To do = Print nothing except the line holding "31.63萬輛!比亞迪8月銷量全球第三" and the lines that come after it in the material below, and leave the pictures out.

Given material =
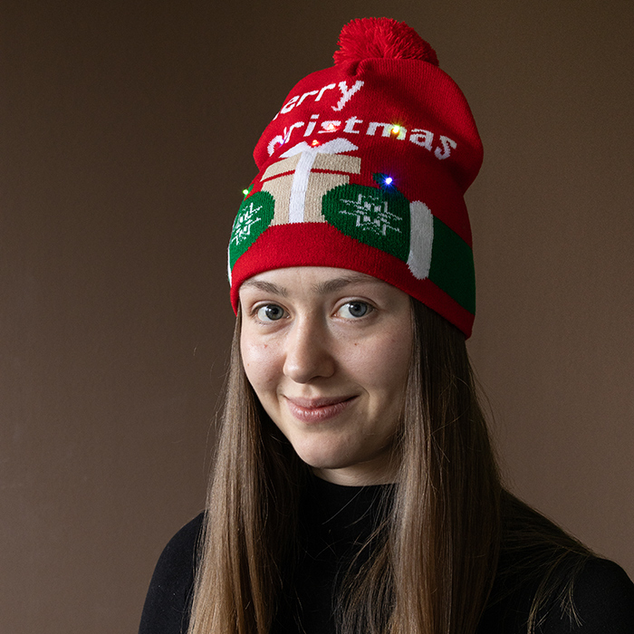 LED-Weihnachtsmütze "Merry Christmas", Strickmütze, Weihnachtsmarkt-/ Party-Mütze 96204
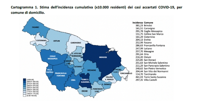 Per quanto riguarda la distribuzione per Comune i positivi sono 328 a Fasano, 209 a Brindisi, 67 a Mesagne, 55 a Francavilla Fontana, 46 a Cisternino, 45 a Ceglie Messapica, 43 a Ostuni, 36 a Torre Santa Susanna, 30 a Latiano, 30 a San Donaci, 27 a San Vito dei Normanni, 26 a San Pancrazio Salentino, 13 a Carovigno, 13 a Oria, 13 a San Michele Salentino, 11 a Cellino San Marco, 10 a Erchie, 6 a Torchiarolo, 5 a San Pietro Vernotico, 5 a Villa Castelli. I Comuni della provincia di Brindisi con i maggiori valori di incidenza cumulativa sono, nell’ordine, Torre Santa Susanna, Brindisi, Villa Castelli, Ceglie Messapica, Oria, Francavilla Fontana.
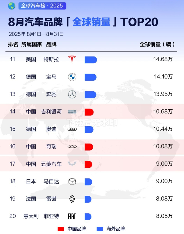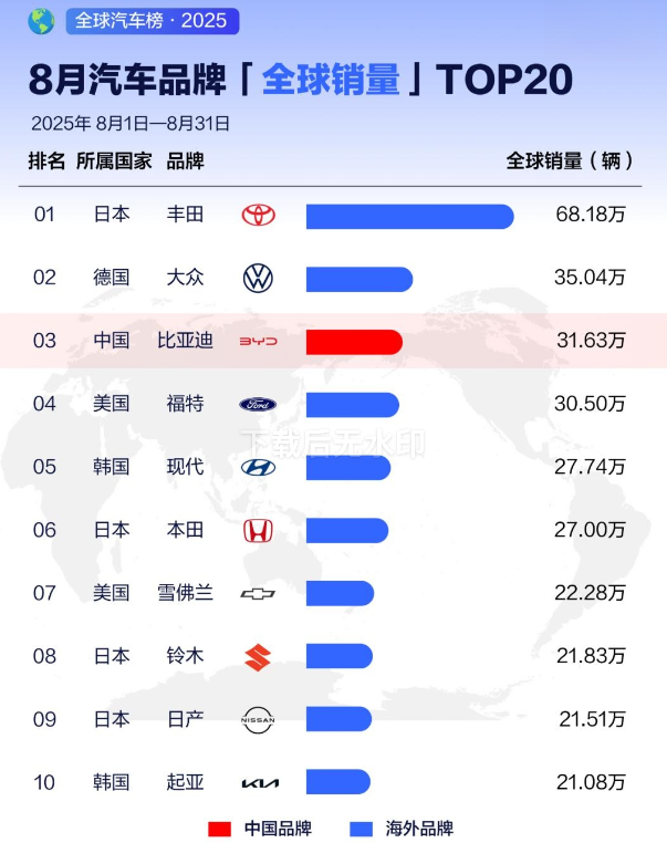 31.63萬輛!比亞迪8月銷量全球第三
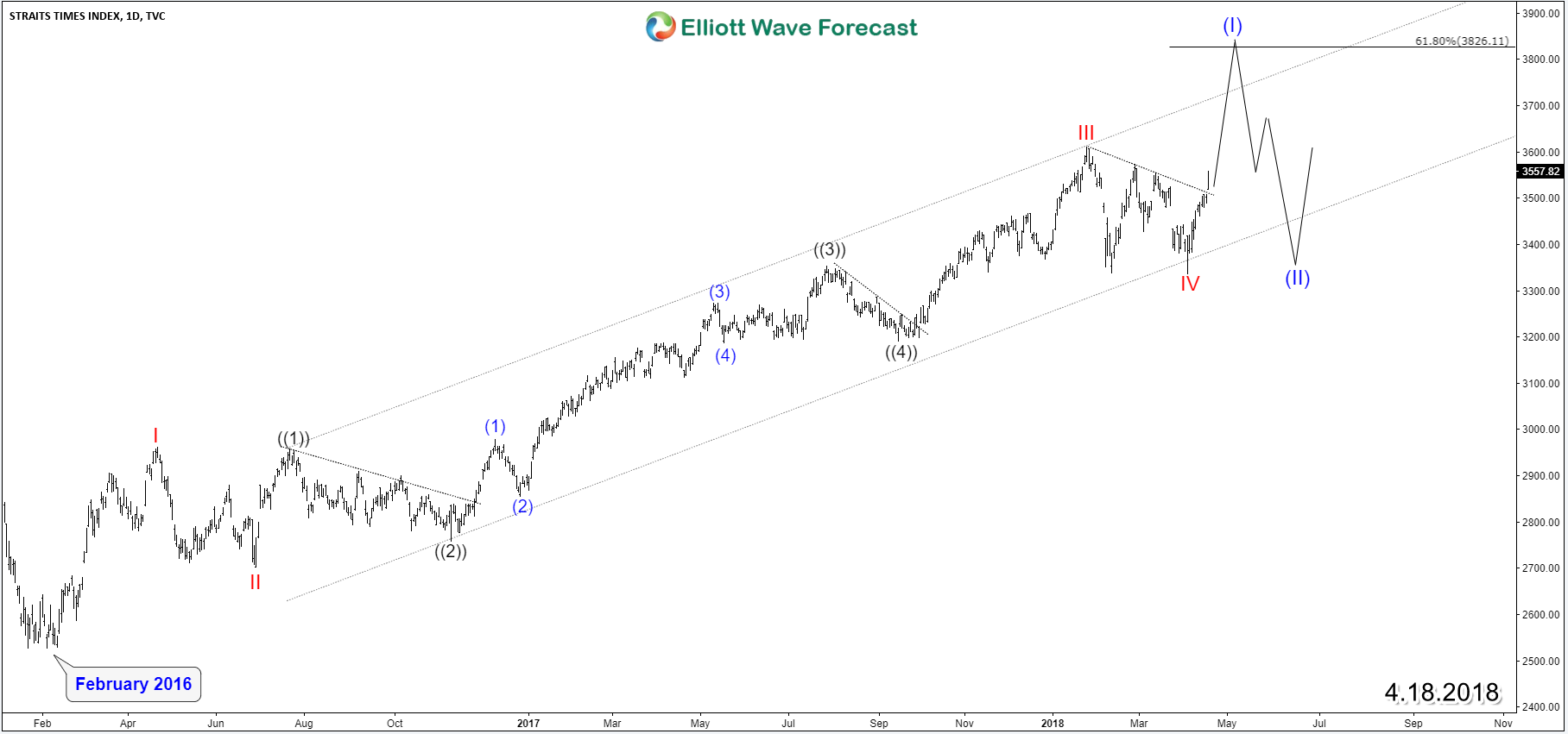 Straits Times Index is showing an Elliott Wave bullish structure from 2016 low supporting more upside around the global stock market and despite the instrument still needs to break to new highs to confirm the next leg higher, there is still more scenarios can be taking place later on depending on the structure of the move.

Written answer =
 31.63萬輛!比亞迪8月銷量全球第三
 Straits Times Index is showing an Elliott Wave bullish structure from 2016 low supporting more upside around the global stock market and despite the instrument still needs to break to new highs to confirm the next leg higher, there is still more scenarios can be taking place later on depending on the structure of the move.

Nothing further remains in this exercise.